**Dataset:**
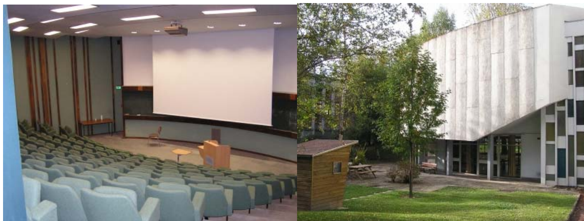
LPSC amphitheatre (left). Cafeteria located directly under the amphitheatre (lunches).

The LPSC amphitheatre is equipped with a large video screen and projector and offers WIFI connection to participants. A computer room will be installed close to the amphitheatre. Posters will be installed directly in the hall in front of the amphitheatre doors.
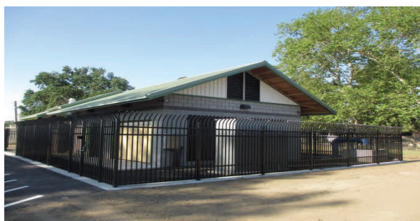
City of Woodland, Aquifer Storage & Recovery Project, Well #28

The Westside continues implementation successes with 3 grant awards for its partnership. The IRWM Emergency Drought Grant Solicitation (2014) for Yolo and Solano, IRWM implementation funding for Lake and Napa (2015) and an EPA Brownfield grant for mercury contamination assessment (2015).
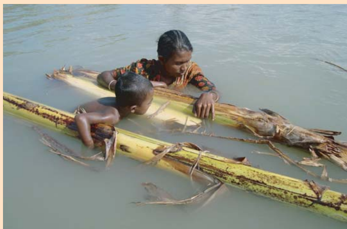
A community volunteer in a mock show
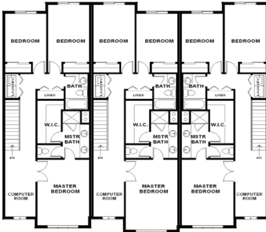
UNIT 1 SECOND FLOOR PLAN 986 SQ. FT. STAIR AREA INCLUDED
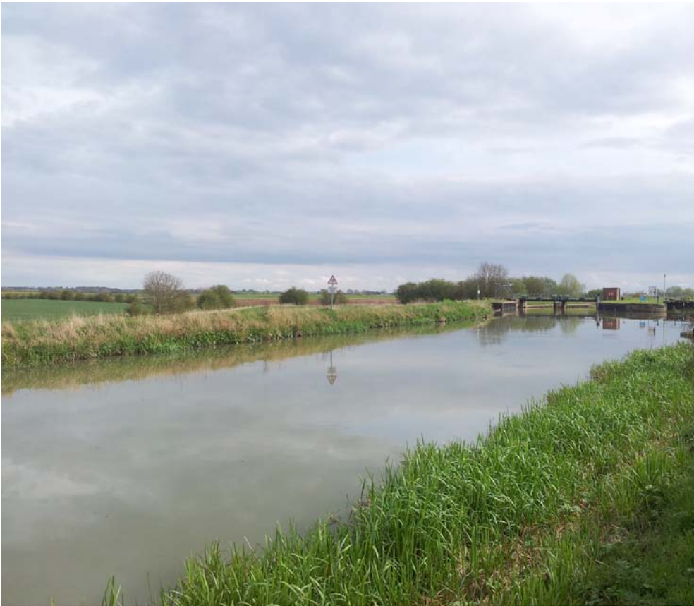
Pumped drainage on the River Hull helps protect agricultural land from flooding.

Flooding along the course of the River Hull can affect properties, businesses, the transport infrastructure and farming. This is particularly prevalent around Beverley, and further south in and around the City of Hull and the Humber Estuary where flood events can be heightened by tidal influences. Policies to prevent inappropriate development within flood plains should be supported, farming practices should be modified to safeguard soil resources where there is frequent water inundation and the expansion of flood storage areas should be implemented where appropriate.
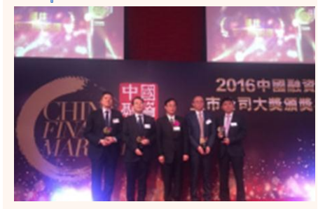
Yuexiu Property wins "Best Corporate Governance Award"

The first phase of the project is comprised of seven high-rise residential buildings and two blocks of boutique apartments, including flats of 75 sq.m. to 110 sq.m. with two to four rooms and loft apartments of 35 sq.m. to 55 sq.m. In addition, the project will also include a large commercial complex by the bank of the Pearl River. The commercial complex will contain a shopping mall and a theme commercial street with facilities for entrainment, leisure and culture.
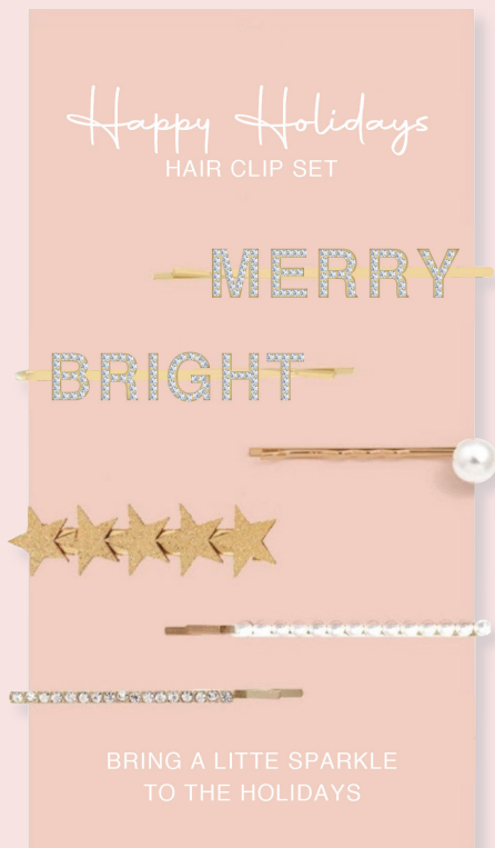
A) Hair Clip Set
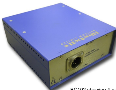
BC102 showing 4 pin XLR
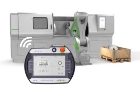
Maintenance work, tests and commissioning
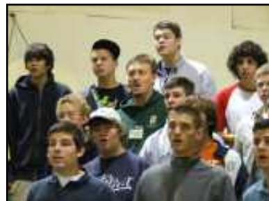
Boys in focus during rehearsal

At the FWD Youth Harmony Camp we do not focus on the Sunday morning show. I'll say that again, we do not put a lot of our energies into preparation for the Sunday morning show. We do present a one-hour show Sunday morning for parents and friends. Costumes and props are not used. The boys simply sing and have fun showing parents and friends what they have experienced and learned in their intensive weekend experience of being “hot dipped” in barbershop.
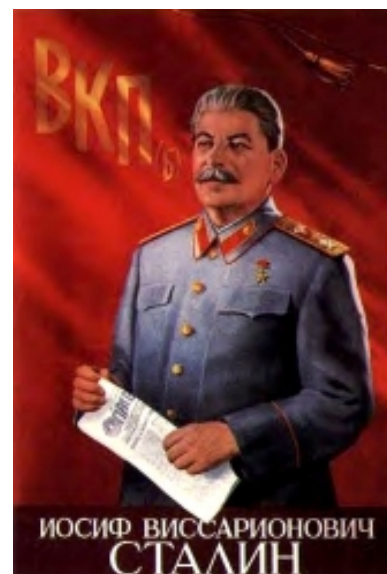
Blank slate-ism run amok.

(the idea that human nature changes or can change for the better over time), the capacity of human beings to mold their own nature and their societies to their preferences, the equality of human be-
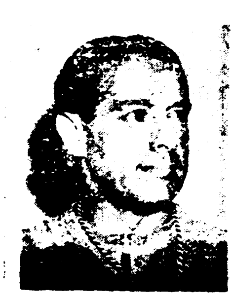
Nat Holman Leaas resistance movement
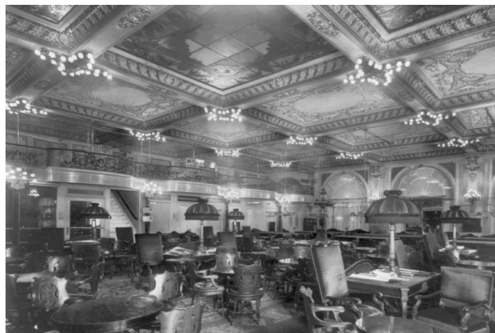
A billiards room in the original Waldorf-Astoria.
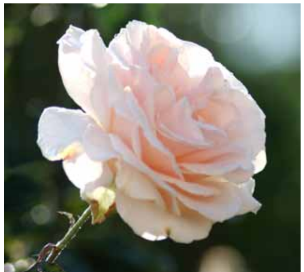
White Delight Rose
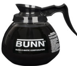
DECANTER, GLASS-BLK 12C 3/CS
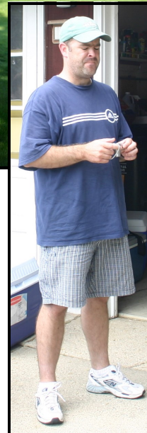
How could I lose? I should've won. I threw it away! Darn! Darn! Darn!
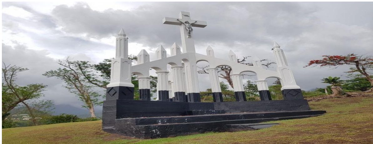
Photographed By J. Makali Bruton, June 9, 2019

measured in a direct line); David the Goliath (approx. 0.4 kilometers away); Roseau Cathedral (approx. 0.7 kilometers away); Methodist Church (approx. 0.7 kilometers away); Anglican Church (approx. 0.8 kilometers away); Carnegie Library of Roseau (approx. 0.8 kilometers away); World Wars Memorial (approx. 0.8 kilometers away); Cecil E. A. Rawle (approx. 0.8 kilometers away). Touch for a list and map of all markers in Roseau.
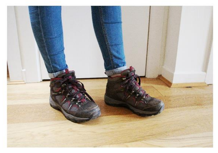
Figure 2: Marsh's Muddy Walking Boots

approach was that the teenagers most commonly chose a pair of shoes to discuss that had positive experiences and memories. On reflection this would not always allow an alternative perspective to their sense of self-identity. However, the interviews were instrumental in sensitively drawing out wider feelings about the self which sought to overcome this potential limitation. The interviews created discussion around the meaningfulness of the shoes, experiences of wear, how they came to own them and what they felt the shoes said about their identity. Recounting previous occasions when they had worn the shoes was a fascinating insight into the significance of memories and life experience in framing identity. Focusing on the materiality of the shoes, it was intriguing to watch the teenagers describe how the scuffs on the shoe's surface or the remnants of mud embedded on the soles were embodiments of meaningful moments in their lives. While the photographs represent the traces of wear, the supporting narratives reveal the meaningfulness of these traces as material representations of life experience and how that contributes to their biography and sense of self-identity. Marsh's image of her beloved walking boots in figure 2, and the direct quote evidence how meaning is embedded through wear and the patina of the object.
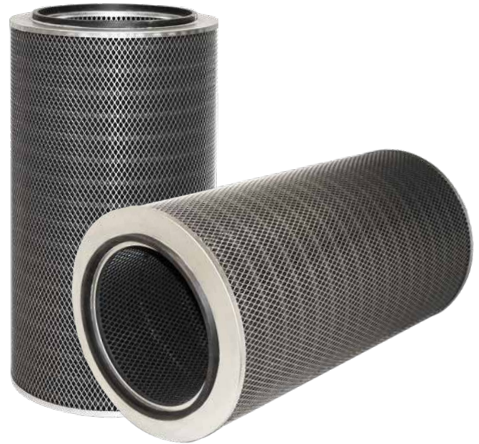
Ultra-Web Conductive FR Cartridge
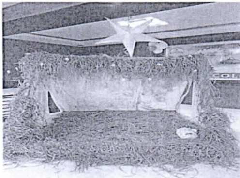
Crib all set for the celebration
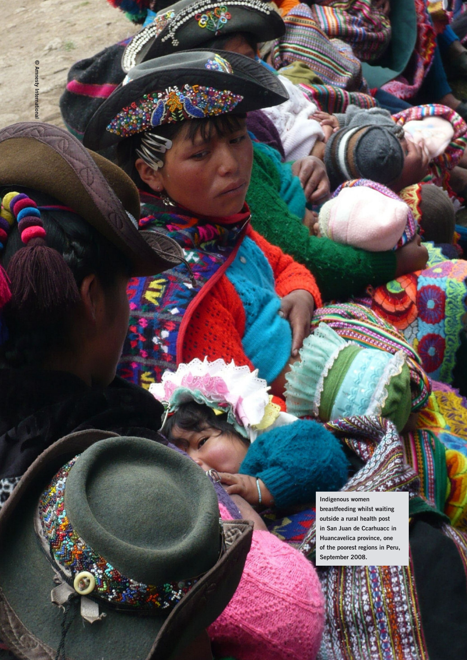
Indigenous women breastfeeding whilst waiting outside a rural health post in San Juan de Ccarhuacc in Huancavelica province, one of the poorest regions in Peru, September 2008.
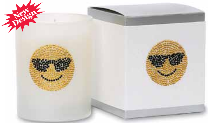
Smiling Face with Sunglasses / CIESUNG Tropical island coconut with sweet apple and anise wrapped in vanilla
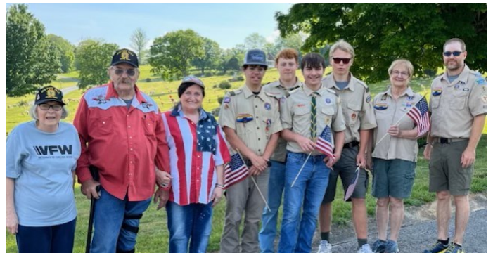
Troop 5 and VFW Members
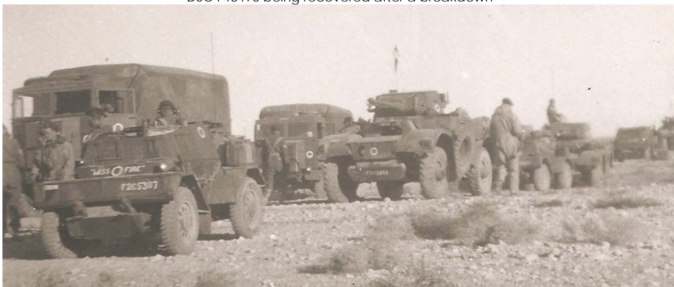
DSC F205397 named 'Miss - Fire'
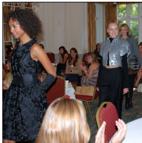
Fashion and Styling in the Ballroom.
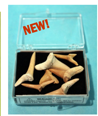
Shark Tooth Collection: 5-7 million year old shark teeth in a clearreclosable box. $3.00, Item #9

Dear Students and Parents: Thank you for your purchase. All proceeds support K-12 education at the NJ Sea Grant Consortium. After completing your order, return it to your teacher along with payment in a sealed envelope or zip lock bag. Your order will be ready to take home and enjoy on the day of your trip. See you soon!
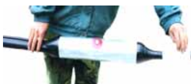
Clean the cable sheath at least 100mm from canister with tissue.
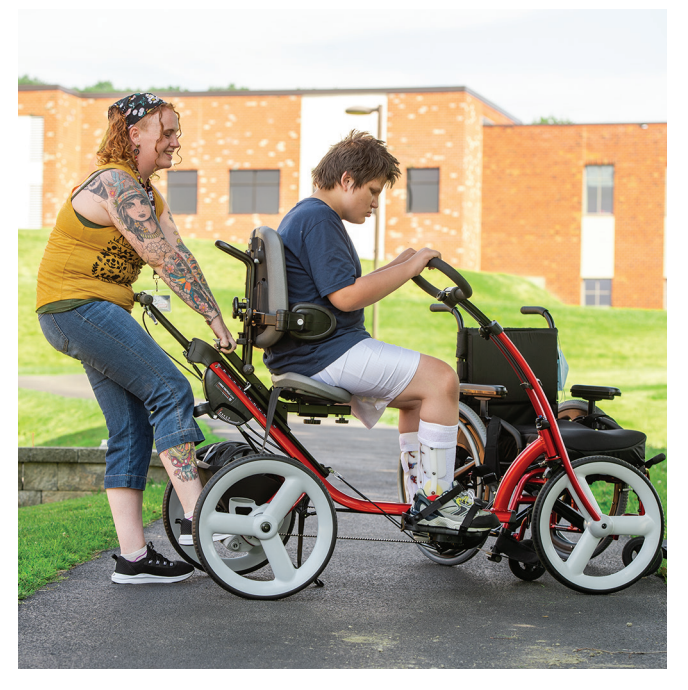
The seat glides up and down on a low-friction rail. This rider pushes with his feet to help his caregiver raise the seat.
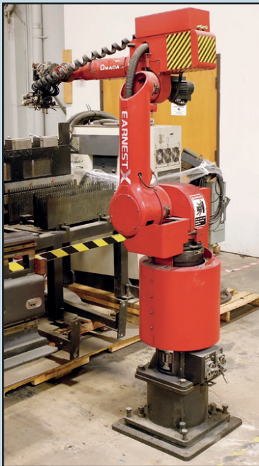
AMADA ERX 1210 Robot.
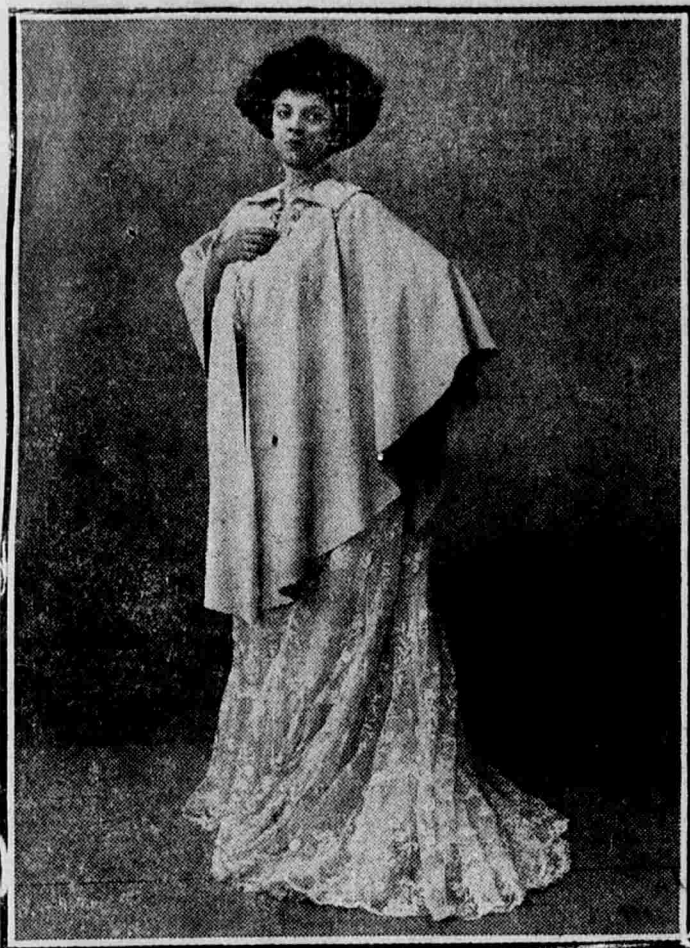
SUMMER EVENING WRAPS ARE SEVERELY SIMPLE.

"Tell you about Irish lace?" said old Mrs. Moran. O'Halloran, lifting her pretty wild-apple old face from her panel of rosepoint. "Sure, 'tis none can tell you better, for wasn't it my own grandmother on my father's side that worked the first bit of Carrickmacross lace ever made in this country?" And my own mother in the bitter years of the famine was the first woman in Ireland to set her needle in flatpoint lace, whatever the neighbors may say ag'in 't.
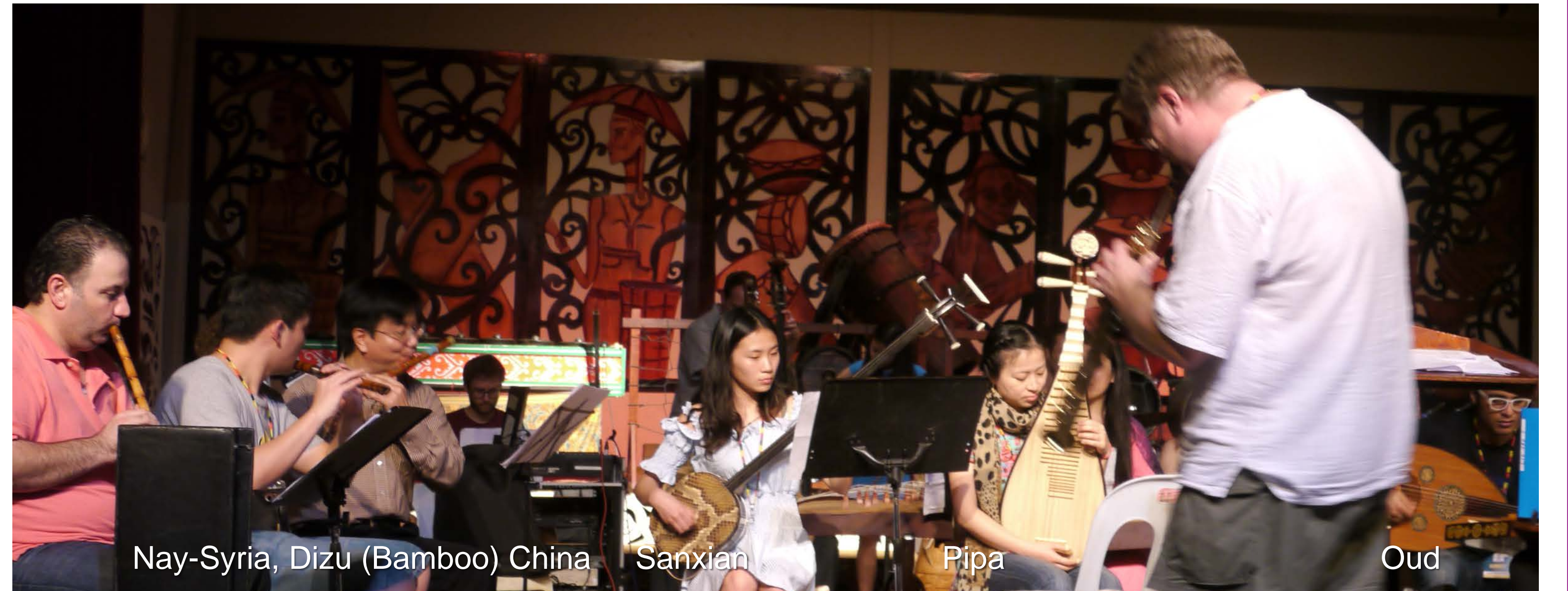
Nay-Syria, Dizu (Bamboo) China

The aim of this project was to develop the basis for new orchestral music, combining elements from western, ethnic and electronic music and new strategies for large orchestras. The important phases of the project were: • November 2014 visiting the music department, University of Suzhou China • December 2014 preparing compositions & arrangements for Glomus Camp • January 2015 leading the Glomus Orchestra in Kuching, Borneo, Malaysia • April 2015 working with the Glomas Orchestra for the RAMA festival

**Problem statement:**
Gather all lines of the records that include the word "Marsh".

**Exercise answer:**
Figure 2: Marsh's Muddy Walking Boots
approach was that the teenagers most commonly chose a pair of shoes to discuss that had positive experiences and memories. On reflection this would not always allow an alternative perspective to their sense of self-identity. However, the interviews were instrumental in sensitively drawing out wider feelings about the self which sought to overcome this potential limitation. The interviews created discussion around the meaningfulness of the shoes, experiences of wear, how they came to own them and what they felt the shoes said about their identity. Recounting previous occasions when they had worn the shoes was a fascinating insight into the significance of memories and life experience in framing identity. Focusing on the materiality of the shoes, it was intriguing to watch the teenagers describe how the scuffs on the shoe's surface or the remnants of mud embedded on the soles were embodiments of meaningful moments in their lives. While the photographs represent the traces of wear, the supporting narratives reveal the meaningfulness of these traces as material representations of life experience and how that contributes to their biography and sense of self-identity. Marsh's image of her beloved walking boots in figure 2, and the direct quote evidence how meaning is embedded through wear and the patina of the object.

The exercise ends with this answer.